By Jeff’s way of thinking, that factoid didn’t strengthen his opinion of Josh’s intelligence. But the man was right about the snow. Of course, the other side of that coin was that it was damned easy to track people in the snow.
He took a sip of the coffee and almost gagged. “What the hell?”
Tom gave a short laugh. “You think I’d have given it up, if I could drink it?”

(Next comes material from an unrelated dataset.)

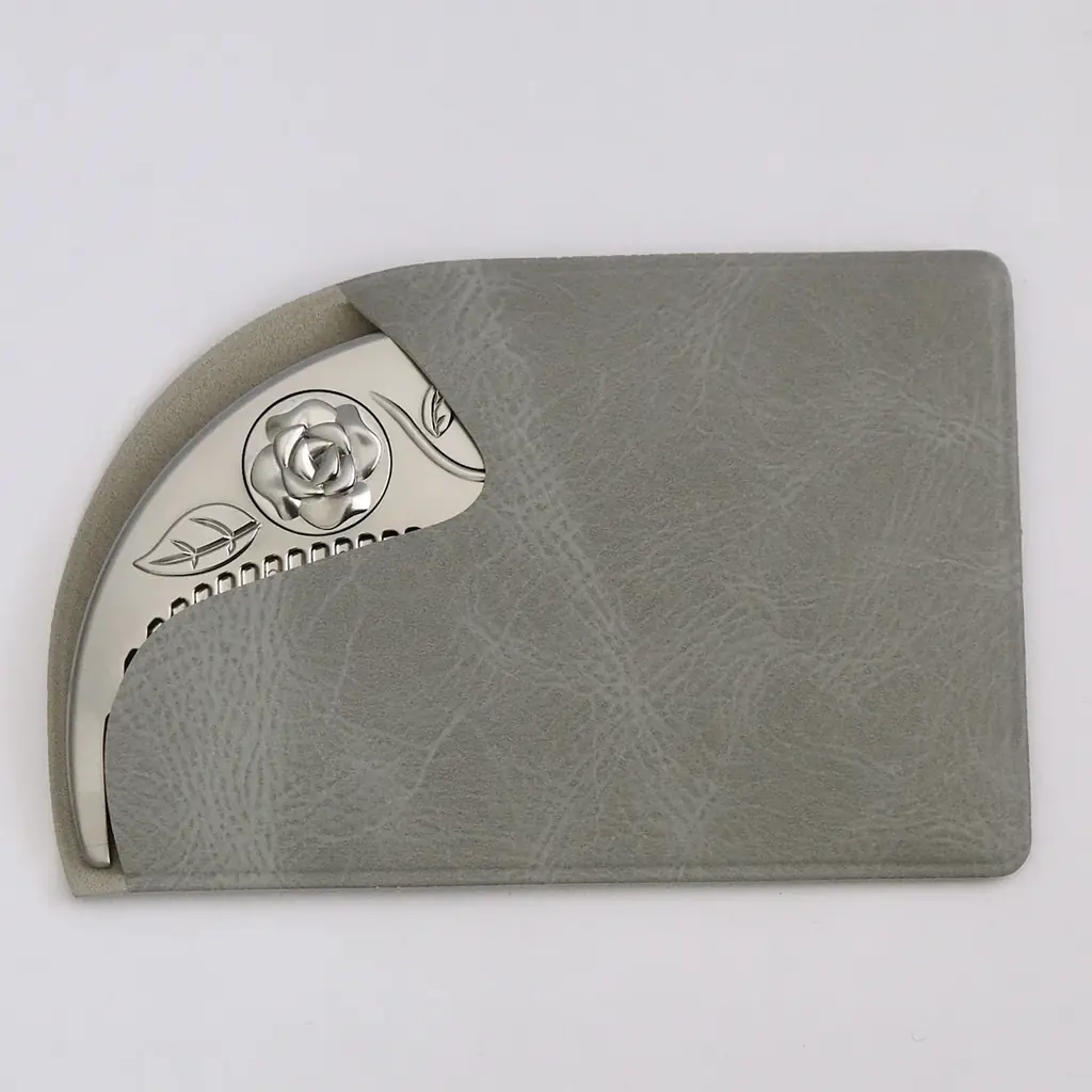 デザインは日本古来のつげ櫛をイメージした和モダンな仕上がりで、持ち手部分には福山市の象徴である「つるバラ」のレリーフを繊細に施しています。つるバラの意匠は本体にも反映され、和洋いずれの装いにも馴染む上品さを持たせています。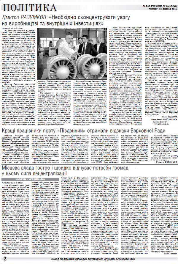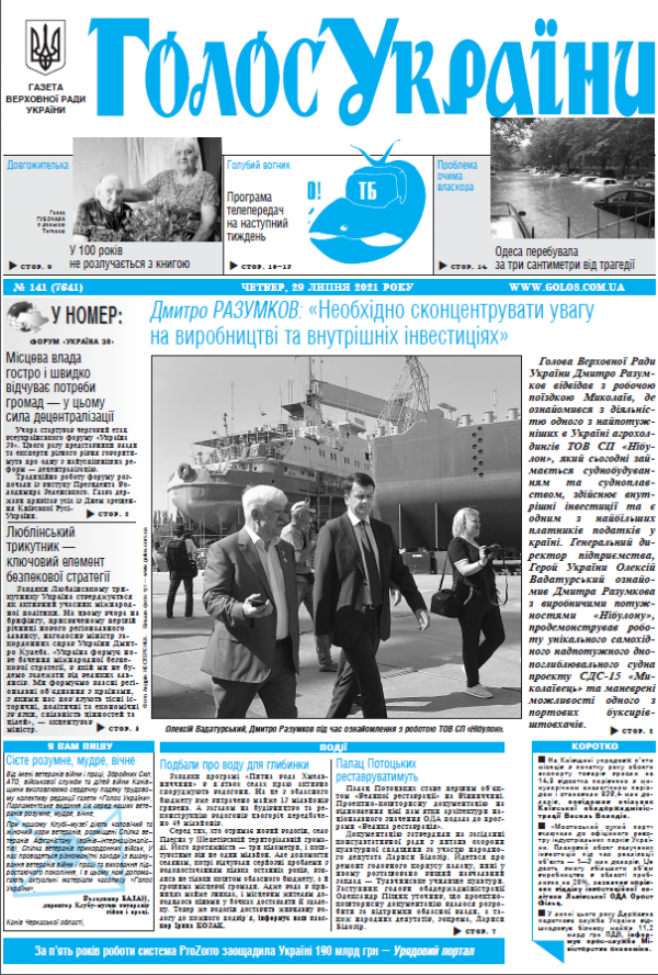 Повний випуск «Голосу України» від 29.07.2021 на сайті http://www.golos.com.ua

Jeff looked over at Josh. The cowboy shrugged once in response. “Do I look like a chef?”
“Do I want to ask?”
“No.” Tom shook his head. “No, you do not.”
*
The ISS drone hadn’t received any commands from its controller in over twelve hours. Its onboard programming, which monitored its fuel reserve, went active and took over when the reserve hit 5 percent. Without a care, it turned the propeller-driven craft south towards the base in Utah from where it had launched nearly thirty hours earlier. The last commands it had been given had pulled it a long way off its original programmed course. It had followed the orders of the team controlling it and wandered far to the north to monitor the border with Canada, and then subsequently back down south to the Idaho-Montana border. There, it had circled, fifteen thousand feet above the last known point of contact, recording everything it heard in an electronic sense and saw with its powerful optics.